(The Shop Around The Corner, 1940, E. Lubitsch)
"Vou já dar a volta à conversa humanista (mesmo com H grande) a que The Shop Around The Corner se tem prestado, para lhes perguntar se conhecem mais algum filme que acabe com uma mulher a pedir a um homem que lhe mostre as pernas. E, depois, o homem a mostrá-las mesmo a ela e a nós, com a câmara colocada cá em baixo, para não perdermos pitada desse arregaçar de calças. Em aplauso à grandeza (ou à beleza) da visão, um beijo em close-up e a fusão com a palavra fim. Se conhecem, digam-me já porque eu nunca vi. (…) Nestas coisas do desejo - e Lubitsch o sabe melhor do que ninguém - há que dar tempo ao tempo. E esse tempo dilata-se tanto quanto o jogo do gato e rato dos dois, espectadores e sabedores, como eles. Nunca pensávamos era só ter direito a ver umas pernas de homem.
(…)
Pode-se ter visto muito.
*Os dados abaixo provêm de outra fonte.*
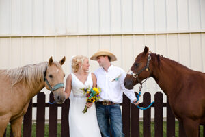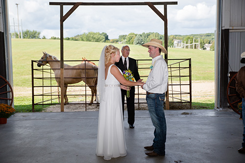 You sure don’t need to live in Wyoming or Montana to have a beautiful country western wedding. All you need are a great pair of cowboy boots, a cowboy hat, horseshoes and two of the most beautiful horses ever. When Morgan and Terrence’s original venue fell through only TWO days before their wedding because it got washed out by heavy rainfalls, they luckily found this alternative location at the RACA Ice Rink in Reedsburg. Which I have to admit, some things just work out as they should because this was the most stunning backdrop with rich greenery and wooded trees.

Mas certamente nunca se viu uma tal consanguinidade entre os melhores e os piores sentimentos, entre a verdade e a simulação. Se já por isso sabíamos que Lubitsch era um fingidor, nunca o vimos fingir tão sinceramente. E por isso também chega a fingir que é dor a dor que deveras sente. The Shop Around The Corner inventaria o poema de Pessoa se ele não tivesse sido já inventado. Mas é diferente em palavras ou em imagens. Porque estas fingem ainda mais e doem ainda mais".